Organizations with facilities spread out across the country often struggle with the concept and/or execution of supplier consolidation. In many instances, facilities are utilizing identical items at multiple locations while purchasing them from different sources. Left unaddressed, this lack of cohesion and standardization often creates a negative impact on the bottom line. The bullet points below will help highlight the benefits of supplier consolidation from both a monetary and operational standpoint:
The value of savings found within supplier consolidation cannot be stressed enough, especially for companies with a large footprint across the USA. Let your data do the negotiating for you here – presenting a potential sole supplier with information highlighting your overall company-wide usage from both a quantity and spend standpoint will pave the way for deep category discounts and rebates. Use this information to your advantage to help secure the best deal possible!
Ad-Hoc Spend Control:
In today’s world of Amazon Prime and “same-day delivery” many employees at the plant level tend to search Google for their needs and make purchases with their corporate card. Once again, this can prove costly if left unaddressed. Consider on-boarding a supplier capable of implementing a punch-out system, this will restrict facility purchasing to pre-approved sources and help control rogue spend. In addition, each time an order is placed with your pre-approved supplier that additional spend contributes to the rebate savings referenced earlier.

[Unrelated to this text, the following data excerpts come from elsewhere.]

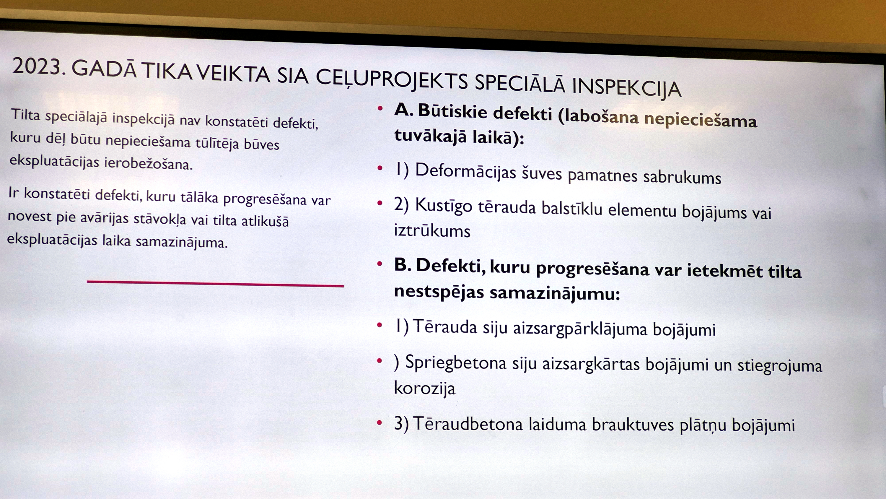 Pirms diviem gadiem veiktajā speciālajā inspekcijā norādīts – defektu tālāka progresēšana var beigties ar avārijas stāvokli.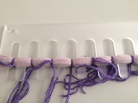 Der Kunststoff ist nicht rutschig, so dass die Wolle auch da bleibt wo man sie hinwickeln will. Danach ist es sicher ratsam, dass man sich direkt die Abbindefäden zurecht schneidet und bereit legt. Beim kleinen Pompon benötigt man dazu 9 Stück. Je nachdem was man damit weiter machen möchte, sollte der Faden länger oder kürzer sein.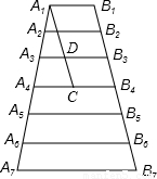 王大伯要做一张如图所示的梯子,梯子共有7级互相平行的踏板,每相邻两级踏板之间的距离都相等.已知梯子最上面一级踏板的长度A1B1=0.5m,最下面一级踏板的长度A7B7=0.8m.则A3B3踏板的长度为( )A.0.6m
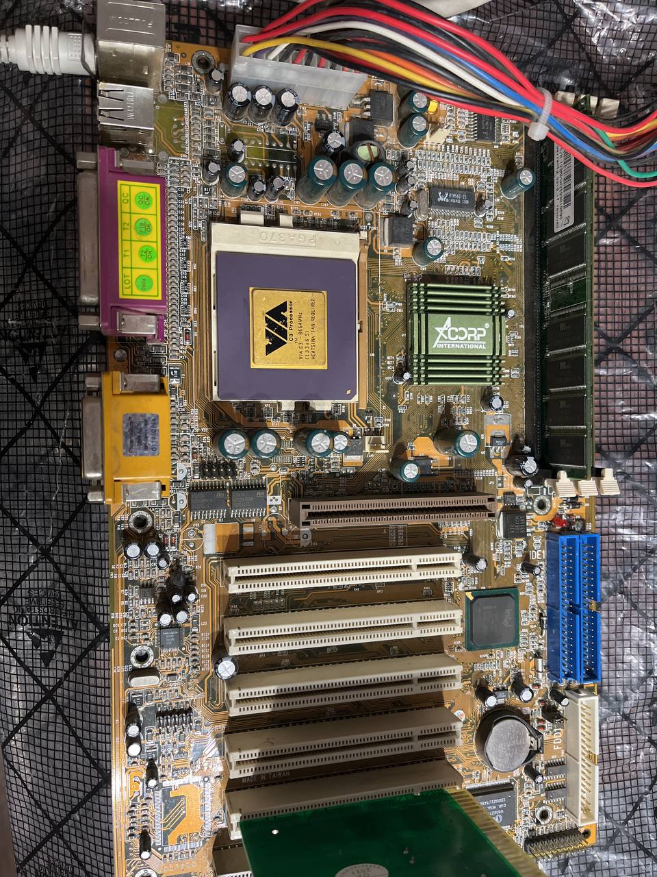 Забавная дичь. Красивый, но бесполезный процессор от VIA во вполне адекватной по тем временам матери на i815. Ессно, только для тестов - ждём созвучную ему материнку на тормозном PLE133!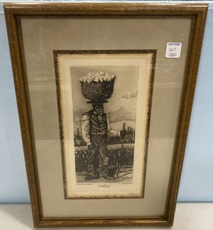 Phillip Sage Signed "Willie" Print, numbered 73/250, printed by Aiken Walker, matted, glass, frame is 18"h., 12"w. Phillip Sage Signed "Willie" Print, numbered 73/250, printed by Aiken Walker, matted, glass, frame is 18"h., 12"w.
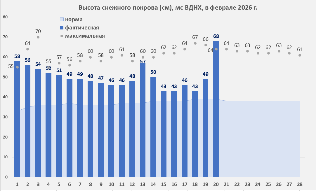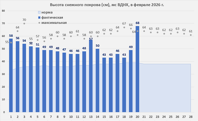 - На мс ВДНХ утром 20 февраля высота снежного покрова составила 68 см, это выше прежнего абсолютного максимума, 64 см, отмеченного всего два года назад (в 2024 году).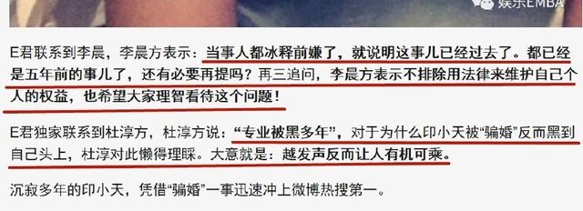 如今印小天因被骗婚上了热搜,李晨杜淳也被推上话题榜,在网友们乱哄哄的指责中,有媒体曝出了李晨跟杜淳方面的回应。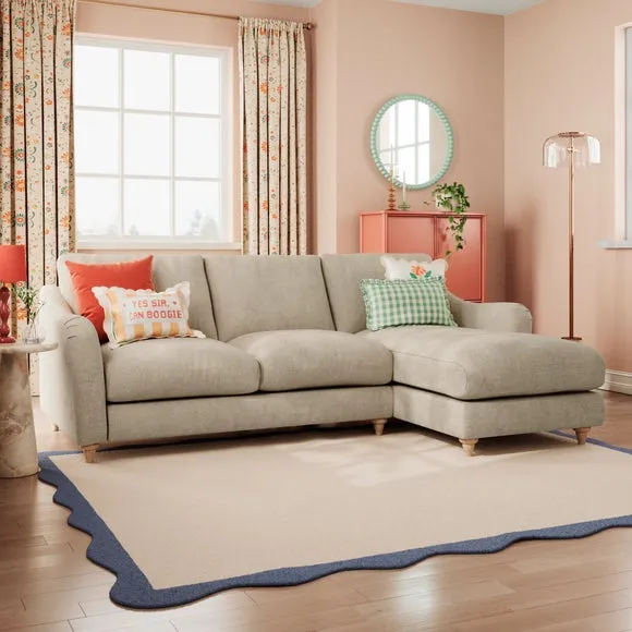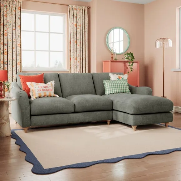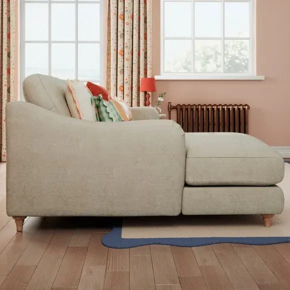 * Contemporary Sofa* Soft Upholstery* Curved Arms* Extra Pleat Detail* Left or Right Hand Facing Options With elegantly curved arms and an extra pleat detail, this corner chaise boasts a sumptuously deep fibre-filled seat crafted with precision and care. The exquisite Tonal Plush Chenille provides a diverse array of beautiful shades to complement any interior. Choose between left or right-hand facing to tailor the sofa to your space. This product has fibre filled seat cushions. This means they require vigorous plumped by shaking and redistributing the fibres daily. This will add air back into the fibres and preventing clumping, flattening and the seat dipping.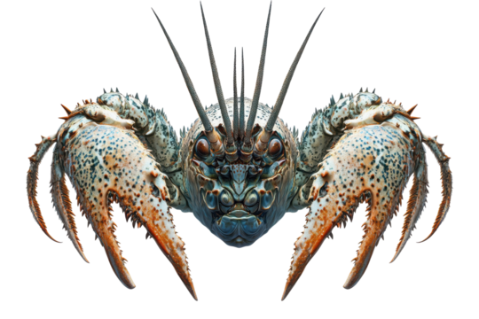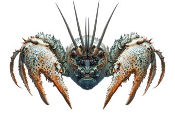 Detailed close up of a spiny lobster with large claws isolated on transparent background. Spiny lobster isolated on white background.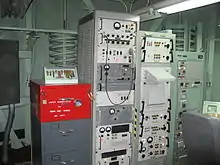 ![]() An ICBM loaded into the silo of the Titan Missile Museum, with a hole cut into the side of the nose cone to show that the weapon is inert. | |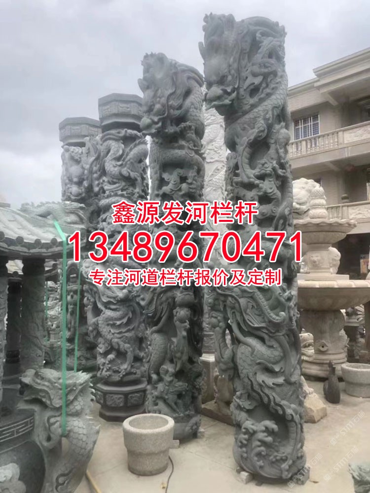 商圈 > 欄桿 > 龍鳳柱子芝麻黑芝麻灰龍鳳圓柱文化柱子寺廟盤龍柱雕塑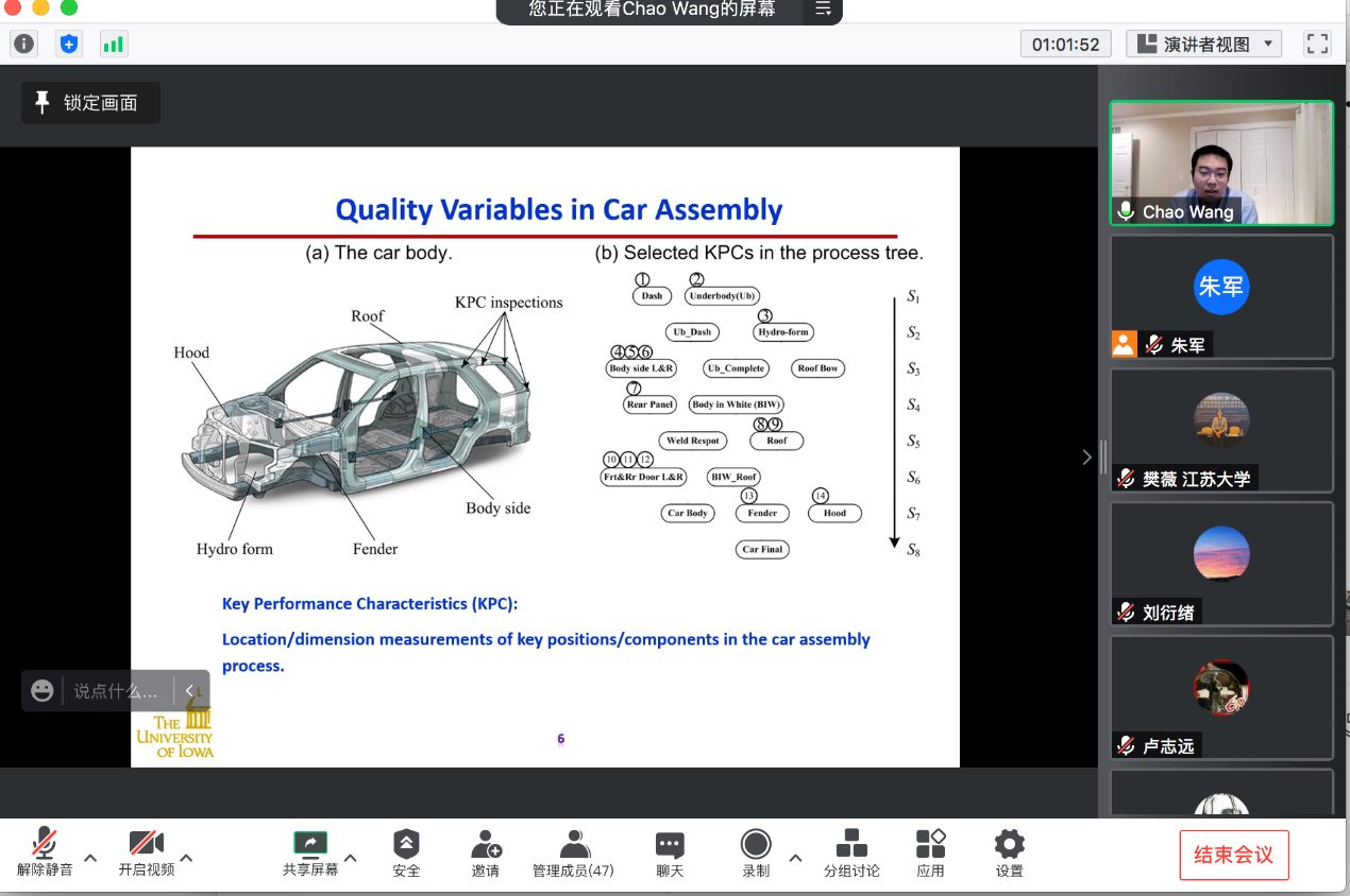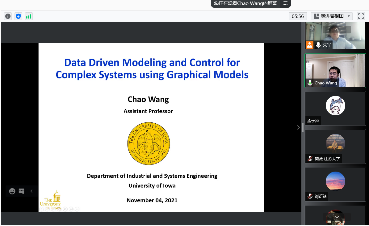 2021年11月4日上午,美国爱荷华大学工业系统工程系王超助理教授应邀至fun88官网体育作题为“概率图模型在复杂系统数据驱动建模和控制中的应用”的线上讲座。讲座由fun88官网体育朱军副教授主持。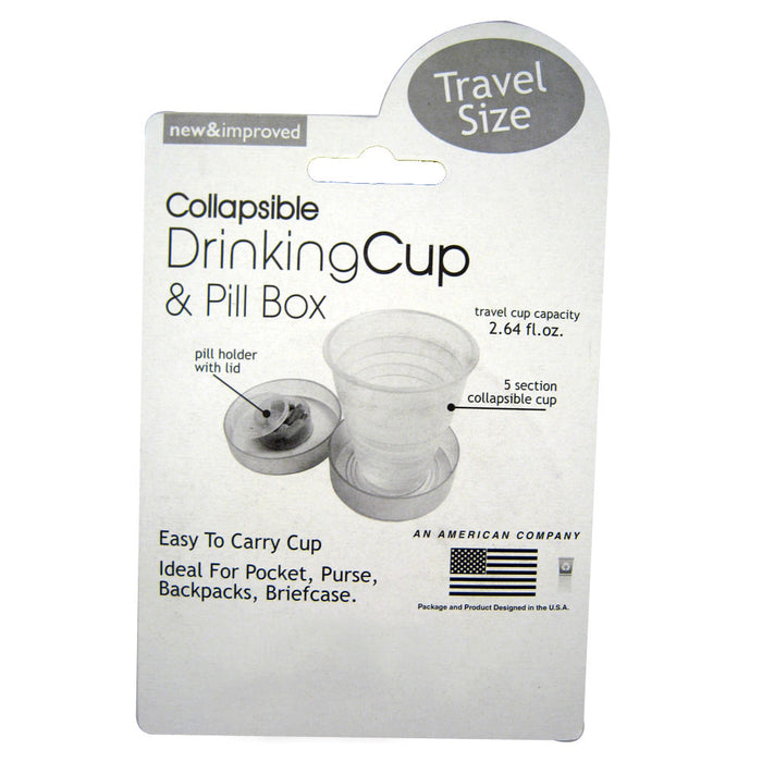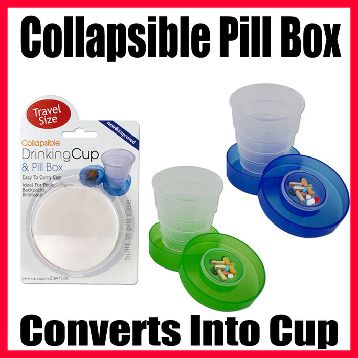 Travel Size Unusual Collapsible Drinking Cup + Pill Holder Box Makes a Great Gift !!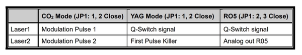 Ghi chú chế độ Laser1/Laser2 (liên quan jumper JP1):

Many variables influence how items are priced by suppliers. Consolidating spend to one supplier within a set category helps limit these through leverage gained via negotiations. Most importantly, the utilization of one supplier will now eliminate pricing inconsistencies within your organization when the same items are purchased from different suppliers. Additionally, this price will be competitive in terms of savings due to the additional category discounts built within the supplier contract.
Centralized Account Management:
Supplier consolidation creates a positive ripple effect with benefits well beyond cost savings. Other departments within your organization - from Accounting, to safety officers and plant managers - will benefit greatly from this decision. Accounting will now work with one central group for invoice reconciliation between all locations, as opposed to numerous, disparate suppliers. At the local level, safety officers and plant managers can work together with a sole supplier to create company-wide safety and fulfillment initiatives for all facilities to follow. What’s more, the high spend being funneled to the supplier will create greater visibility which will lead to dedicated account managers assigned to your organization to assist with tracking and reporting.
Change from incumbent local suppliers to new sources can be intimidating, but if executed properly implementation and compliance across all facilities can be quite manageable. Properly vetting a supplier with an account management team capable of properly servicing each facility is vital for the success of this initiative. Secondly, buy-in at each local facility is important for the overall long-term sustainability. This will mean maintaining consistent, clear communication. With the right amount of effort, you’ll succeed in building a strong relationship with a capable supplier. Ultimately, the benefits produced through this initiative will be far greater than improvements to your organization’s bottom line.